There has been a list going around lately of the most-unread books in folks’ del.icio.us libraries. I have very few of these books, but have read a number of them. Most of these books are ones I have Not Read because I have zero desire to read them. I'm going to simply omit the ones that I don't care about. Sure, they may be great works of literature. No rules out there saying I gotta read 'em if they're not my cuppa tea.
So instead, I have 'read', 'want to read someday', 'tried and went bleah'. The numbers in parens are preserved from the original listing, and represent the number of libraries in which these were not-read.
Read these:
- Ulysses (84)
- The Odyssey (83)
- Zen and the art of motorcycle maintenance : an inquiry into values (45)
- Watership Down (44)
- The Hobbit (44)
- Guns, Germs, and Steel: the fates of human societies (79)
- Memoirs of a Geisha (66)
- Wicked : the life and times of the wicked witch of the West [I loved this! I need to remember to check the sequels out of the library.]
- Brave new world (61) [How can they NOT have read this?! Oh, man. A *must read* for today.]
- Frankenstein (59) [I know I read this for Fantasy Fiction class in college, but I don't remember it! I just remember finding a paper I wrote on it while cleaning out some old papers!]
- 1984 (57)
- The inferno (56) [Dante's, I presume?

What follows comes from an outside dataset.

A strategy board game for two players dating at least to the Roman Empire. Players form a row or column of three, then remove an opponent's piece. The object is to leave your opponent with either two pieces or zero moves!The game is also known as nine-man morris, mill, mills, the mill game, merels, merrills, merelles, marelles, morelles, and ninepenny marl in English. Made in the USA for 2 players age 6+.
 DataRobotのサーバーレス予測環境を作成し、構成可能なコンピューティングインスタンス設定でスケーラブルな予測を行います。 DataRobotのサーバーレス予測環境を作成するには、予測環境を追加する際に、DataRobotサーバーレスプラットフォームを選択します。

Not Stig's? 😉 ]
- Gulliver's travels (53)
- Dune
- The scarlet letter (48) [In high school; blech; hated it.]
- The catcher in the rye (46) [High school; didn't really 'get it'.]
- Treasure Island
Haven't read these, but may read them 'someday':
- One hundred years of solitude
- Don Quixote (skimmed in high school)
- Canterbury Tales (want to read a translation)
- Dracula (59) [Some folks published this as a BLOG a year or three ago, and it was GREAT, I got very hooked on it but then forgot to keep up with it. It turns out to be a very natural style because of the first-person style of the book and the extensive use of letters to other people. Oh, and it's *actually creepy*, which was cool! Just in time for Halloween, Dracula, by Bram Stoker, as blog]

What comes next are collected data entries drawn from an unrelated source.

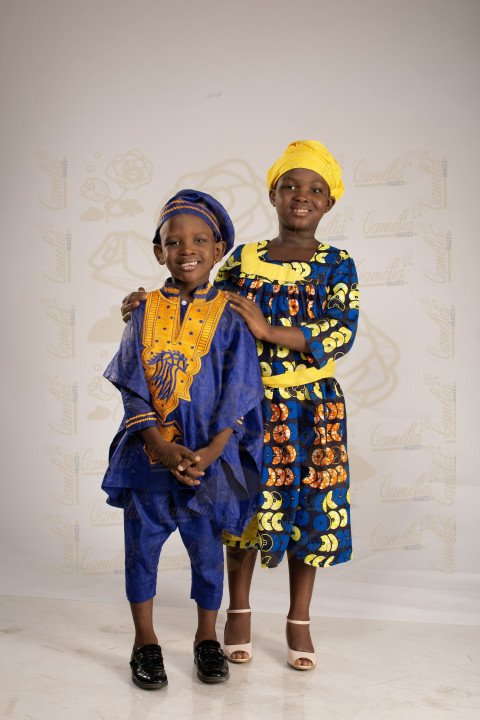 Jeune petite fille petit frère ensemble Gand bleu africain foulard jaune mains epaules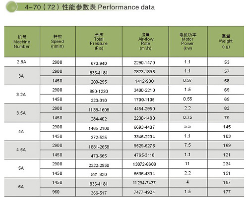4-79、4-70(72)型離心風機是引進日本ミツヤ公司的先進技術并通過本公司工程技術中心進行吸收、消化、創新研制而成,其性能指標優于我國通用的4-79、4-72型離心通風機。該風機噪聲較老式風機低5~8dB(A),外形尺寸也較老式風機緊湊,效率及比A聲級優于機械工業部制訂的標準。4-70型通風機共15種機號,風量930~154000m3/h,風壓170~2950Pa;4-79型通風機共20種機號,風量1100~438000 m3/h,風壓230~3320Pa,用戶可根據不同參數選擇。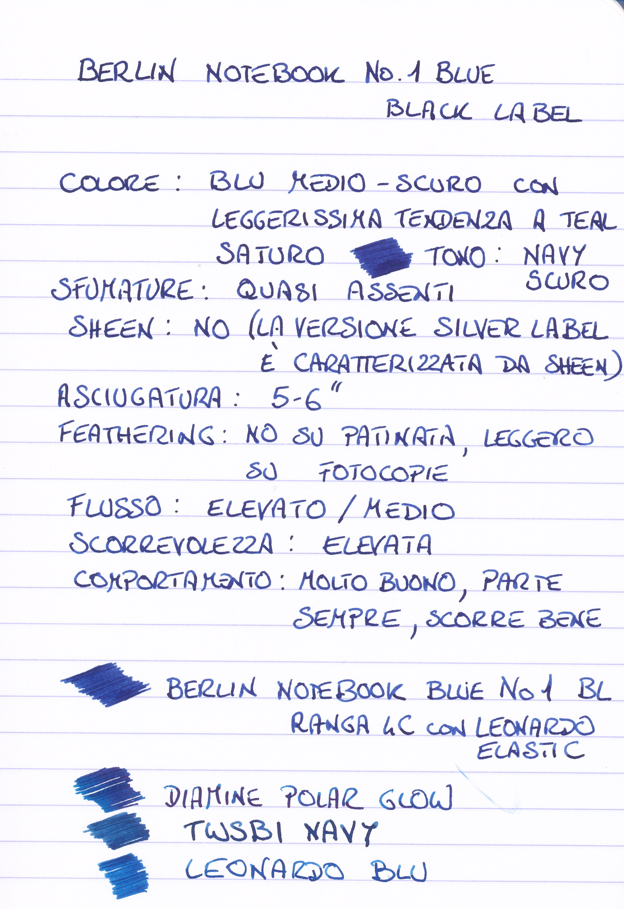 Si è proprio così. Il Berlin Notebook N1 "normale" è molto bello, purtroppo l'ho quasi finito, travasato in un flaconcino più piccolo e quindi perso nel casino totale degli altri inchiostri. Appena mi capitano acquisti dalla ben nota tedesca conto di ricomprarlo, anche perchè mi incuriosisce molto l'ultimo uscito Berlin Notebook Fox N.6.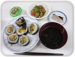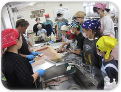 まず、講師による実演を行い、大きなカンパチの解体を間近で見学していただきました。みなさんエラや内臓を取り出したり、大きな頭を落としたりしているのを真剣なまなざしで観察されていました。普段はなかなか体験できない実物を見ながらの説明はとても分かりやすく、また生き物の命をいただいているということを実感するよい機会だったと思います。次に、参加者は講師に教えてもらいながらいわしを手開きし、さらにいわしの蒲焼きキンパ風を作りました。魚を自分で捌くという作業が初体験の親子も多く、少し戸惑う姿も見られましたが、1尾、2尾と開いていくうちに慣れていき、親子で一から協力して作り上げた料理は味もさることながら、達成感があり全員が満足そうでした。試食中は和気あいあいとした雰囲気がとても印象的でした。試食後の講師の先生への質疑応答の時間では、「今までとった魚で一番大きな魚は何ですか」、「いつも何時に起きていますか」、「キンパの具材の卵焼きの分量を教えてください」、「煮つけ、お吸い物以外に美味しい食べ方を教えてください」など講師の先生の仕事や料理に関してたくさんの質問がありました。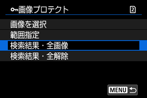 - [検索結果・全解除]を選ぶと、絞り込まれた画像のプロテクトがすべて解除されます。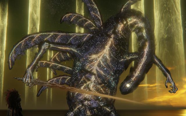 TOP3.艾尔登之兽 艾尔登之兽是Elden Ring中的最终BOSS。这个巨大的皮蛋是黄金树的化身,如果只打它的话还行,但偏偏这个BOSS前面还有个拉达岗,等你到它这里就没多少血瓶了。 从某种意义上来说难度不是一般的小,而且这个皮蛋的速度非常快,老是会拉开距离跟你远程放风筝,相当烦人!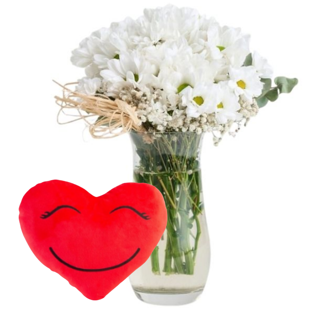 Beyaz papatyaların saflığını ve zarafetini ön plana çıkaran bu özel buket, cipso ve okaliptus yapraklarının doğal dokunuşuyla tamamlanıyor. Silindir cam vazodaki sunumuyla modern ve şık bir görünüm kazanan buket, yanına eklenen kırmızı kalp yastık ile hediyeye sevgi dolu ve samimi bir detay katıyor. Hem göz alıcı hem anlamlı bu kombinasyon, özel günlerde sevdiklerinize unutulmaz bir sürpriz yapmak için ideal bir tercihtir.

- Eats, Shoots & Leaves: The Zero Tolerance Approach to Punctuation (48)
- Freakonomics : a rogue economist explores the hidden side of everything (45)
- The Three Musketeers [There was a really well-done DC Comics adaptation of this back in the 1970's, with really good art. I know, I know. Some stories are just BETTER as manga.]

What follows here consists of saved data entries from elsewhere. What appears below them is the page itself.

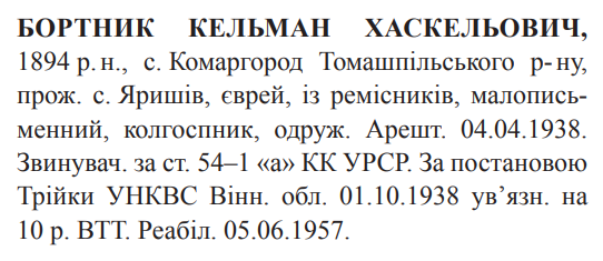 Реабілітований: Вінницьким облсудом 05.06.1957 Реабілітовані історією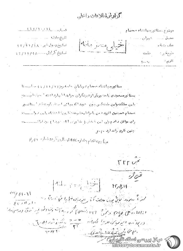 محترماً در مورد بهائی بودن آقای امیرعباس هویدا طی نامه شماره 41091 / 322 مورخ 20 / 11 / 43 از اداره کل چهارم و بخش 321 استعلام گردیده است. این اطلاعیه فعلاً اقدامی ندارد. در پرونده امیرعباس هویدا به کلاسه هـ و / 22 بایگانی شود.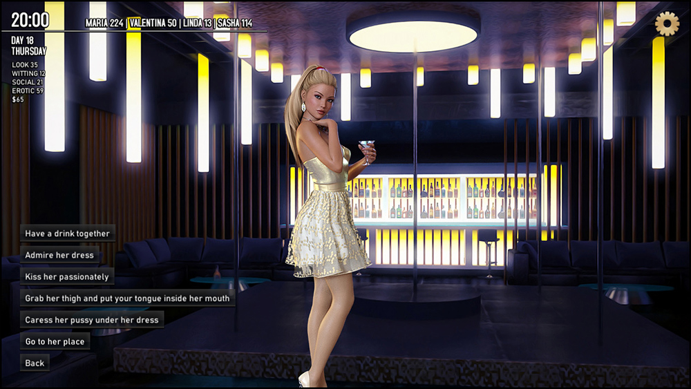 Having played through the game, a few places I thought some little scenes could be are like the park. Valentina rubs her ass against you, but then nothing. Could sneak behind a tree for sex, same with Linda. Also kind of on the same line at the shop, there are changing rooms and you’ve utilized them in games like LWS. The bistro scenes where they play with cock could be the same as well, maybe feet under the table, or someone gets on their knees. I would have liked to have seen the average number of scenes for all be higher, rather than so many for Maria.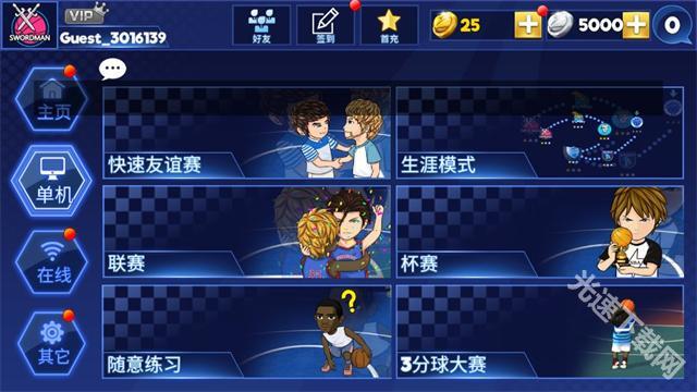 1、单人模式包含快速游戏、联赛、杯赛、三分球大赛、练习模式等多种类型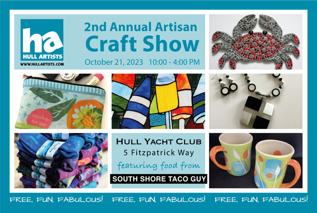 Hull Yacht Club 5 Fitzpatrick Way, Hull, MA, United StatesJoin us for this fabulous craft show featuring 21 artisan crafters. Start your holiday shopping early by buying unique local handmade art for yourself or some one else. While you are shopping you may also enjoy relaxing on the wrap around porch of the Hull...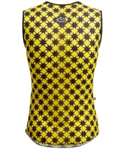 Sleeveless baselayer with a special design dedicated to stage five of the 2022 Tour from Lille to Arenberg Porte du Hainaut. The unique design is based around the use of the cobbled sector through the Arenberg forest, included in this years stage. The geometric ‘cobble-stone’ pattern used in the design is created using a star motif, a nod to Paris-Roubaix, the while the dark tones used in the design reference the areas coal mining heritage. Created to guarantee absolute comfort thanks to its fit, elasticity and moisture-wicking properties. The specially elongated cut provides the upmost protection without causing and discomfort when worn underneath your jersey. The perfect complement to the Arenberg Official cycling kit.
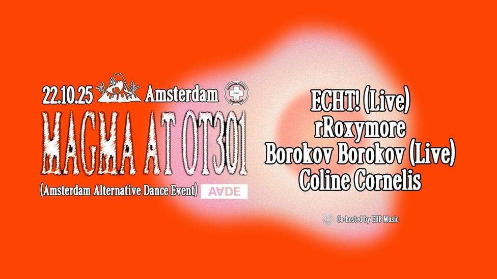 Brussels based Magma collective and EBB Music are teaming up for a special night filled with live shows and djs as part of Amsterdam Alternative Dance Event. At the core of the night: ECHT!, the Brussels-based quartet, returns to slap the dancefloor with their latest album Boilerism — a fierce blend of electro, trap and bass music, performed live with relentless precision and playful experimentation. They’ll be joined by the wildly unpredictable Borokov Borokov, blending angular synth-pop with hi-NRG, krautrock (with two t’s), supra-freudian elektrapunk, birthday-themed acid house, and multilingual lamentation. Also on the lineup: Coline Cornélis, resident of Magma since day one, who crafts deep, genre-blurring DJ sets where bass, emotion, and texture intertwine — sonic journeys for curious and open-minded dancefloors. And to close the night, rRoxymore will take us even deeper as the artist continues to be defined outside of common boundaries. Expect a night of raw, high-energy music in one of Amsterdam’s most iconic underground venues — the perfect way to kick off your AADE.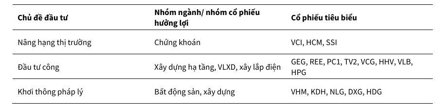 Dựa trên các yếu tố trên, KBSV đề xuất ba chủ điểm đầu tư triển vọng cho giai đoạn cuối năm bao gồm: Nâng hạng thị trường, Đầu tư công, và Khơi thông pháp lý. Việc khơi thông pháp lý, đặc biệt qua việc kỳ vọng những thay đổi trong Dự thảo Luật sửa đổi, bổ sung một số điều của Luật Đất Đai, sẽ giúp đẩy nhanh quá trình triển khai các dự án mới.

Books I started, but which convinced me on their own that I didn't want to bother reading them:
- Anna Karenina (132)
- The Silmarillion (104)
- The name of the rose (91) [loved the movie!]
- Moby Dick (86)
- American gods (68) [I had such high hopes for this based on the little Foglio 2-pager, but no, it's just too full of itself and its own smugness. Cut a lot of the excess floweriness out, or have the Foglios do a graphic novel, and I'd surely read it.]
- Atlas shrugged (67)
- Foucault's pendulum (61)
- One flew over the cuckoo's nest (54)
- Oliver Twist (54)
- Cryptonomicon (50)
- The mists of Avalon (47)
- Collapse : how societies choose to fail or succeed (47) [This one had me for a chapter or two, but as a serious student of world agronomy, indigenous crops, and alternative methods of agriculture, I soon hit too many fallacies to consider the remainder of the book worth reading. GIGO.]